[Brief]: Using the data beneath this instruction, retype only the lines from the one that contains "Figure 2 : sceau" down to the one that contains "第5回全国だるまさんがころんだ選手権大会 決勝大会", both included, exactly as they appear.

[Records provided]:

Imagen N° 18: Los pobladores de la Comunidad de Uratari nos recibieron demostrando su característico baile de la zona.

...

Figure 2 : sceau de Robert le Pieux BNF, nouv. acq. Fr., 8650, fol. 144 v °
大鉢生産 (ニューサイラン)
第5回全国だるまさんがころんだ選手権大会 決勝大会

[Answer section]:
Figure 2 : sceau de Robert le Pieux BNF, nouv. acq. Fr., 8650, fol. 144 v °
大鉢生産 (ニューサイラン)
第5回全国だるまさんがころんだ選手権大会 決勝大会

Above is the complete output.